Contrattazione

Comuni, aumenti liberi ai funzionari

di Gianni Trovati

Gli aumenti delle indennità per i funzionari degli enti locali si liberano dai tetti di spesa, e potranno quindi essere assicurati in tutte le amministrazioni senza inciampare in contestazioni. E fra le materie oggetto del «confronto» con i sindacati (da oggi a giovedì si vota per le Rsu in tutto il pubblico impiego), cioè l’etichetta che nei contratti del pubblico impiego rimette in campo la vecchia concertazione, entrano anche i criteri generali per la mobilità fra le sedi di lavoro dell’amministrazione, tema che riguarda i Comuni più grandi oltre a Città metropolitane, Province e Regioni, e le linee di pianificazione delle attività formative.

Ma è ovviamente quella economica la novità più importante fra quelle spuntate nella versione riveduta e corretta dell’ipotesi di contratto per il personale degli enti territoriali, che deve ora andare alla Corte dei conti per l’ultimo esame prima della firma finale.

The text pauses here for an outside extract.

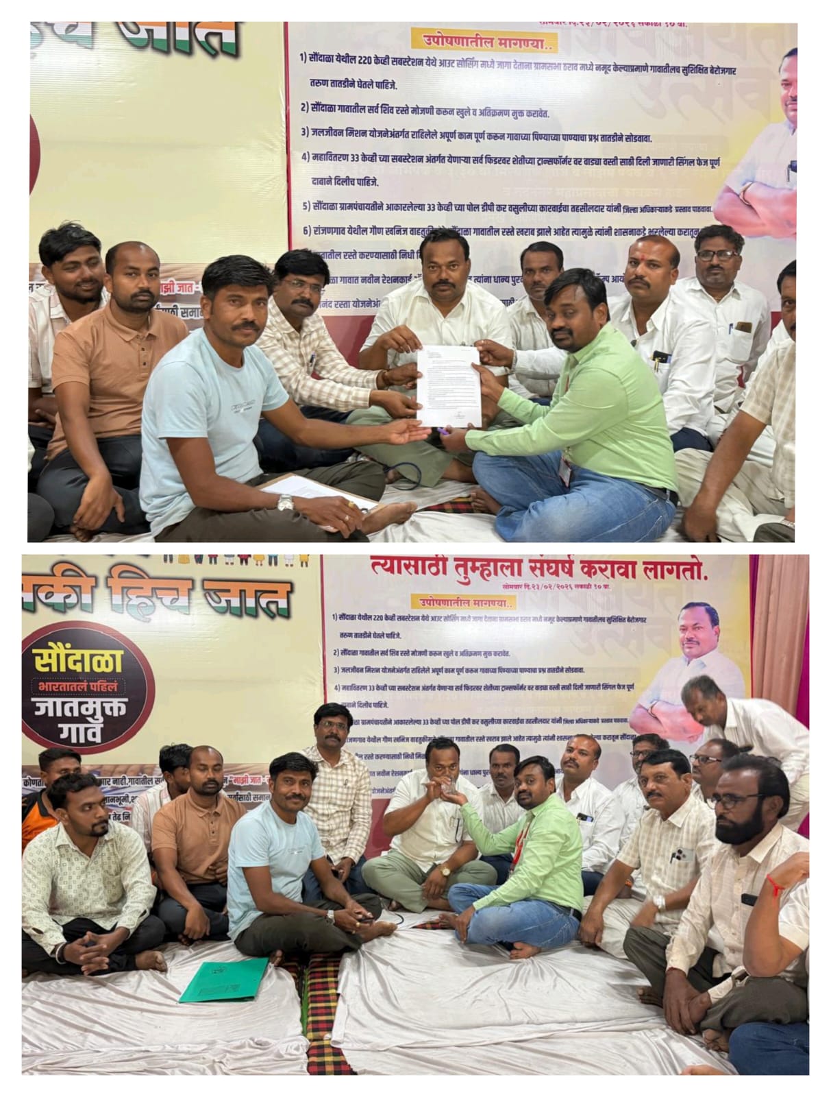 सरपंच शरद आरगडे यांच्या नेतृत्वाखाली सौंदाळा ग्रामस्थांनी दि. २३ फेब्रूवारी रोजी सकाळी ११ वाजता महादेव मंदिर देवस्थान सभामंडपात बेमुदत आमरण उपोषण सूरु केले होते.

L’esclusione dai tetti di spesa per gli aumenti delle indennità arriva con la forma della «dichiarazione congiunta». La conseguenza pratica è che gli incrementi da 83,2 euro per l’indennità destinata ai titolari di «posizione organizzativa», cioè per chi pur non essendo dirigente ha incarichi di gestione e responsabilità, potrà essere assicurata in tutti gli enti a prescindere dalle condizioni in cui versa il bilancio. Si supera in questo modo uno degli scogli su cui rischiava di inciampare l’applicazione dei nuovi contratti.

Il problema, come spesso accade, nasce da un incrocio sfortunato fra le tante regole che provano a disciplinare la finanza pubblica. Le indennità di posizione organizzativa, e soprattutto le loro cifre in crescita dal prossimo anno, sono regolate dal contratto nazionale, ma finanziate dai fondi integrativi, quelli con cui ogni ente alimenta le voci aggiuntive della busta paga. Ma questi fondi, come spiega il decreto attuativo della riforma Madia sul pubblico impiego (articolo 23, comma 2 del Dlgs 75/2017) non possono superare il livello raggiunto nel 2016 fino a quando non sarà completata la futuribile «armonizzazione» delle buste paga di tutti i dipendenti pubblici. Senza il via libera interpretativo «congiunto» di datori di lavoro e sindacati, sul modello di quanto accade per gli statali, l’aumento delle indennità avrebbe finito per sottrarre risorse alle altre voci finanziate dai fondi integrativi (produttività, turni, disagio e così via) con il rischio di essere bloccati dalla mancanza di risorse nei casi più problematici.

Sempre con l’obiettivo di evitare regole troppo rigide che rischiano di mettere in difficoltà la gestione, con le correzioni al testo cambia il rapporto minimo obbligatorio fra le risorse da dedicare alla retribuzione di posizione e a quella di risultato dei funzionari: a quest’ultima voce, misurata in base alle «performance» dei diretti interessati, dovrà andare almeno il 15% delle somme, mentre nella versione originaria del testo il limite era al 20 per cento.

Resta invece da sciogliere il problema della retroattività «lunga» degli incarichi prevista dal contratto, e contestata da ministero dell’Economia e Funzione pubblica (si veda Il Sole 24 Ore di ieri). Ma sarà la relazione tecnica che accompagna il contratto definitivo a dire l’ultima parola sul punto.